+++ DATASET EXTRACT +++
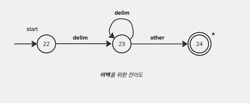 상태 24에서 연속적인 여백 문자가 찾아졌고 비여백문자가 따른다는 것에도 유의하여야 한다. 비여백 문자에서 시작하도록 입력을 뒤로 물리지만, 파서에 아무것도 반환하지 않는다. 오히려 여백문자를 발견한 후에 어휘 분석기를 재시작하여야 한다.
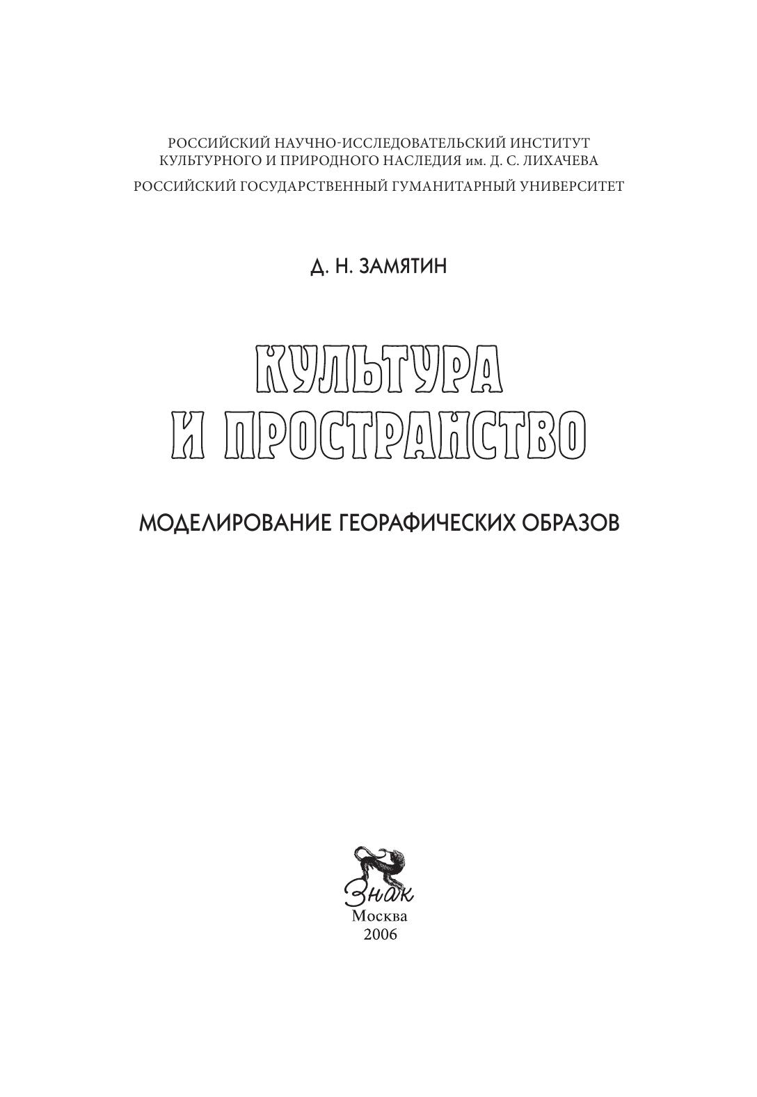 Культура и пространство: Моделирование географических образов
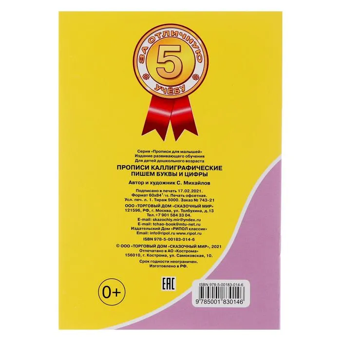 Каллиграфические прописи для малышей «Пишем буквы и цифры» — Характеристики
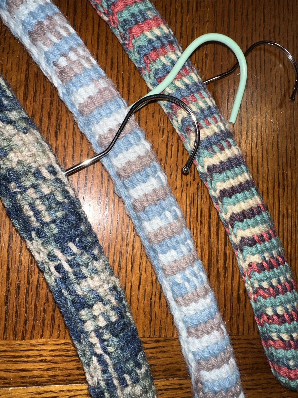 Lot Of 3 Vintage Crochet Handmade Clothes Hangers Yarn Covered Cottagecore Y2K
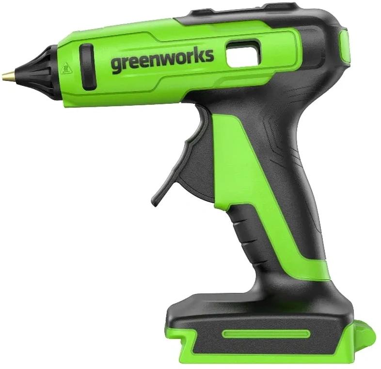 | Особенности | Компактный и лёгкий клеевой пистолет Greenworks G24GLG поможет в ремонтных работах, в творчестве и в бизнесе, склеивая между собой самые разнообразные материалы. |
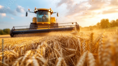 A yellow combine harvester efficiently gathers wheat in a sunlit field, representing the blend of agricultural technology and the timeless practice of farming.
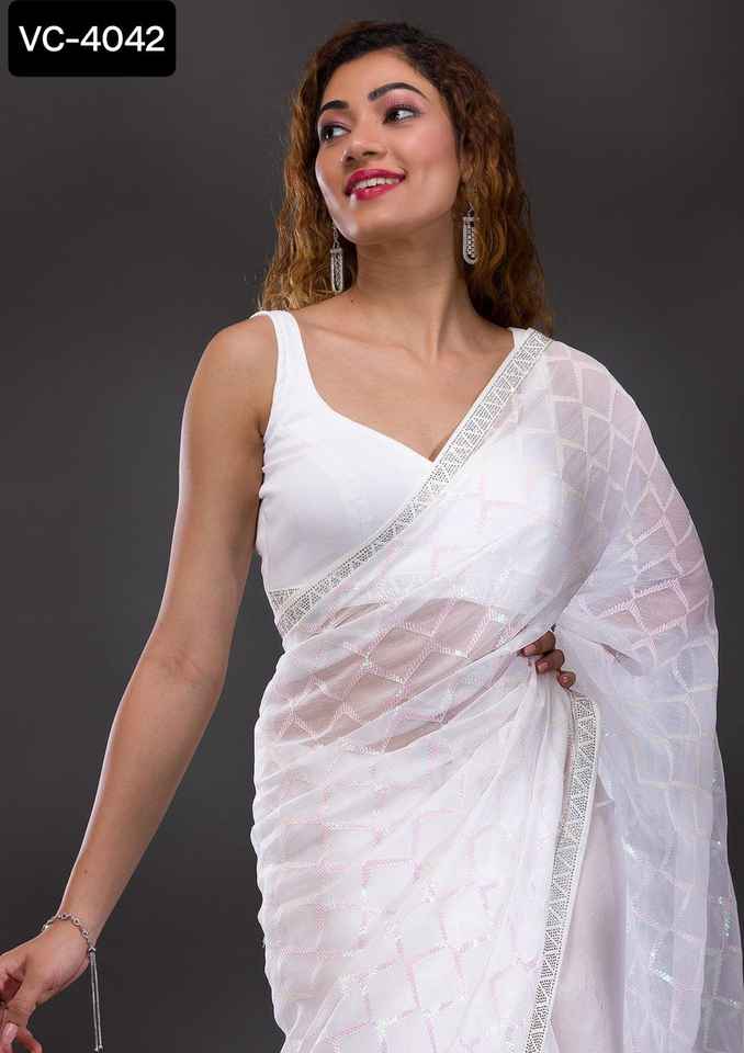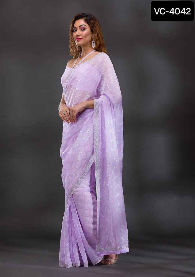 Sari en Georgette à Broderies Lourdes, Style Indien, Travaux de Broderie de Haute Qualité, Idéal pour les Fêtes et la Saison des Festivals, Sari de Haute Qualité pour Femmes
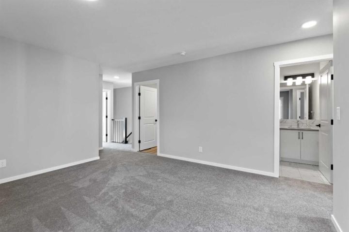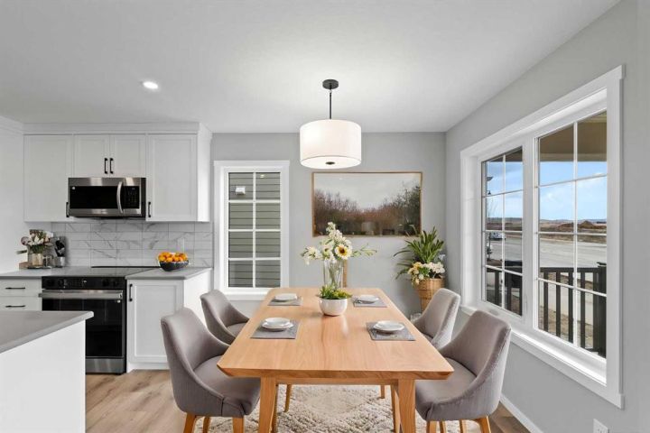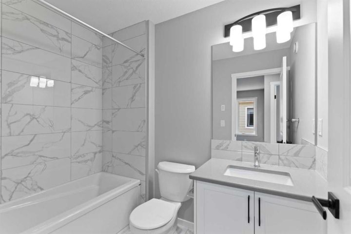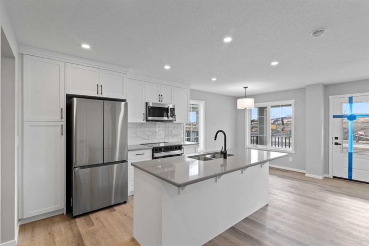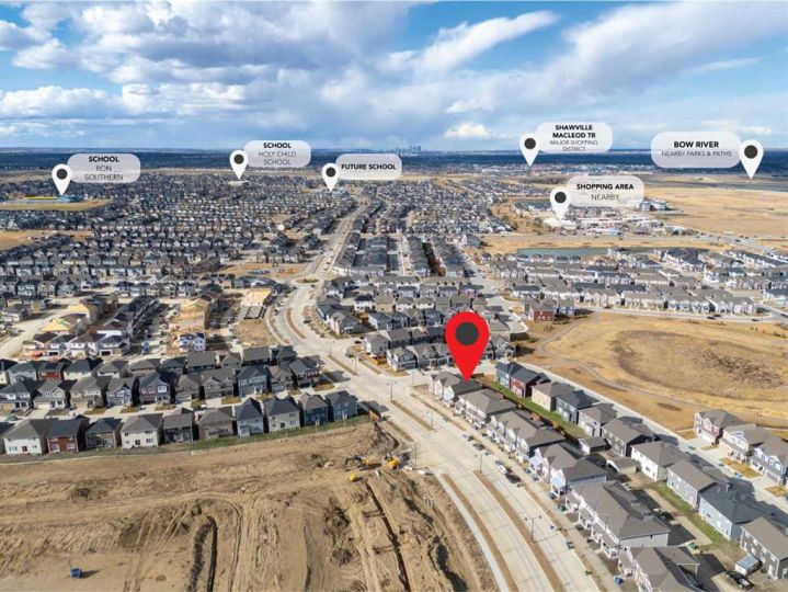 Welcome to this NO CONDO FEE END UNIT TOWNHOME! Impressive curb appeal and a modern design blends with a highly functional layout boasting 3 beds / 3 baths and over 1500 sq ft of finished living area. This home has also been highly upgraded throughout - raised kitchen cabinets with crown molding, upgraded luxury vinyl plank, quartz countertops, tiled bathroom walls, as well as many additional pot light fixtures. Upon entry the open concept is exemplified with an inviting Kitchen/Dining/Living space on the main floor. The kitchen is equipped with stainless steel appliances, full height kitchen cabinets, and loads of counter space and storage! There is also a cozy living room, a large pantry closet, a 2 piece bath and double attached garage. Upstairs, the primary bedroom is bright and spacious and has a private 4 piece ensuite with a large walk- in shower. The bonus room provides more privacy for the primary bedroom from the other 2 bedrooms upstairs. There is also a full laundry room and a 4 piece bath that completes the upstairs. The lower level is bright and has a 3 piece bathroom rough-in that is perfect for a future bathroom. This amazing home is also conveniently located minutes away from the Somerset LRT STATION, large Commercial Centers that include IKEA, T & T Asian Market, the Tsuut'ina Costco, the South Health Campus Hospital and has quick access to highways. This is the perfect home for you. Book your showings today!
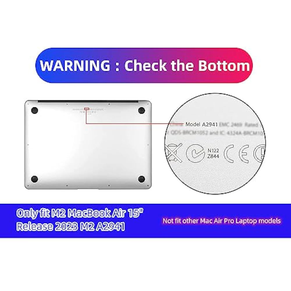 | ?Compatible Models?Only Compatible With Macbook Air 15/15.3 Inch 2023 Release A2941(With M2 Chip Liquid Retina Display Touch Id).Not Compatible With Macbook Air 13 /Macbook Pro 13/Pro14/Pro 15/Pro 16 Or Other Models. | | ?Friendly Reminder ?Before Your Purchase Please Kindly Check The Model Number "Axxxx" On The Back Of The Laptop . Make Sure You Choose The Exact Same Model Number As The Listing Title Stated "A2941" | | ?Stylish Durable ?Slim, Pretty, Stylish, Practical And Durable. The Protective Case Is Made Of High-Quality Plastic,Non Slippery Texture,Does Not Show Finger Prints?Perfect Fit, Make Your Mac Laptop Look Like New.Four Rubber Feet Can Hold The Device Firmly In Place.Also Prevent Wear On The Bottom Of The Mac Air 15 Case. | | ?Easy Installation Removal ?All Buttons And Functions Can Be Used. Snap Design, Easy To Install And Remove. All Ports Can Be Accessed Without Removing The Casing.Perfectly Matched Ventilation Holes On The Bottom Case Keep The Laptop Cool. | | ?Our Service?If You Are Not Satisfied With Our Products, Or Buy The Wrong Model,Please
+++
+++ DATASET EXTRACT +++
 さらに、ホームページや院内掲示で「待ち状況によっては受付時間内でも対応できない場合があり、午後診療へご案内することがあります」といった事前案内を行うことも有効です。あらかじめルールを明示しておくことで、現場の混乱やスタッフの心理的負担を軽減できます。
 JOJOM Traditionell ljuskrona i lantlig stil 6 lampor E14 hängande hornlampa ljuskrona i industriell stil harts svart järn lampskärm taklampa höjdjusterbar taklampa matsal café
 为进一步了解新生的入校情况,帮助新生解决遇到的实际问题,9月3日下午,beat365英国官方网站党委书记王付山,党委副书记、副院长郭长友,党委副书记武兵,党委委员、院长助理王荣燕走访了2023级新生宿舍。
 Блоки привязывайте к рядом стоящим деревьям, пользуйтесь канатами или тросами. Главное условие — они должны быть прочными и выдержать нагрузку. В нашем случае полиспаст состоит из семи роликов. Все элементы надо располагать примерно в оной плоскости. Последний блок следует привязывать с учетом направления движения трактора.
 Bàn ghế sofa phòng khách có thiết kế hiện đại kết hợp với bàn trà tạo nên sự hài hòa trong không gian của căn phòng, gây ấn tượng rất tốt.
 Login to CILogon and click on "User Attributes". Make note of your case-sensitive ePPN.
+++
### EXERCISE REQUIREMENTS
Lines to set down from above: the line with "Bàn ghế sofa", the line with "Login to CILogon", and every line between, each exactly as written.

### RESPONSE
 Bàn ghế sofa phòng khách có thiết kế hiện đại kết hợp với bàn trà tạo nên sự hài hòa trong không gian của căn phòng, gây ấn tượng rất tốt.
 Login to CILogon and click on "User Attributes". Make note of your case-sensitive ePPN.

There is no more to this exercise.